Thursday, December 21, 2006

Before the last roar: Preventing the demise of wild tigers

By Dr. Eric Dinerstein

Intensive conservation efforts have led to a recovery of tigers in the Russian Far East, where in the 1940s there were only 40 individuals and now there are 500.

Almost everyone loves tigers. These magnificent cats draw crowds at zoos and are often the most popular animal on display. Hundreds of sports teams - professional, collegiate, little league - venerate tigers as their mascots. Advertisers seek to cash in on the tiger allure, urging children to eat breakfast cereals or encouraging motorists when buying gasoline. Even the surging economic powers of Southeast Asia are dubbed "economic tigers," a cultural symbol of strength and prosperity.

If only the security of tigers in the wild were as strong as the symbolic role this majestic animal plays in our society. But that is not the case. A new comprehensive report co-authored by WWF, Wildlife Conservation Society, and Save the Tiger Fund, on the distribution and status of tigers and their habitat offers two grim headlines:

Tigers now reside in only 7 percent of their historic range.

Even more alarming, occupancy of tiger habitat is down 41 percent from what was estimated a decade ago.

Not all of the area estimated as unoccupied today is a result of habitat loss through, for example, conversion of natural forests to industrial agriculture, as is the case on the Indonesian island of Sumatra. Some areas were assumed to have tigers 10 years ago but, after thorough checking by field researchers, were in fact found to be absent of tigers or the large prey - typically deer and wild boar - to sustain them.

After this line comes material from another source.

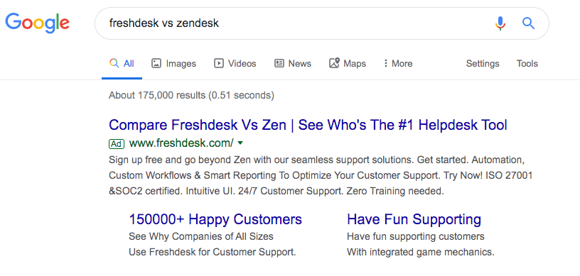 You’d include the keyword in the headline. In this example you can see the keyword was ‘Freshdesk vs Zendesk’ and this is reflected in the headline.

It's like driving through neighborhood after neighborhood and finding the houses still standing, but no lights on and no one home.

The study confirms an inescapable truth about the ecological health of our planet: Wild tigers are slipping away from us. There are some stunning examples of this trend: In 2005, tigers were eliminated by intense poaching in formerly well-protected Indian sanctuaries such as Sariska Tiger Reserve. This triggered an investigation by an Indian Prime Ministerial Commission which uncovered widespread poaching where tigers were once thought to be relatively secure. The lesson from Indian reserves is clear: Look away for a moment and tigers vanish. Poaching of tigers and the wildlife on which the species depends has led to extinction of tigers in Southeast China and a serious drop in Cambodia.

The irony of this decline is that tigers possess traits that should make them easy to conserve. Tigers and wolves are the two large carnivores that often breed faster than their prey. We only have to look at the dramatic recovery of wolves in Yellowstone to see an alternative future for tigers. And while some species require long-established habitats, tigers can prosper in habitat that is only a year or so into recovery from human or natural disturbances such as logging or floods.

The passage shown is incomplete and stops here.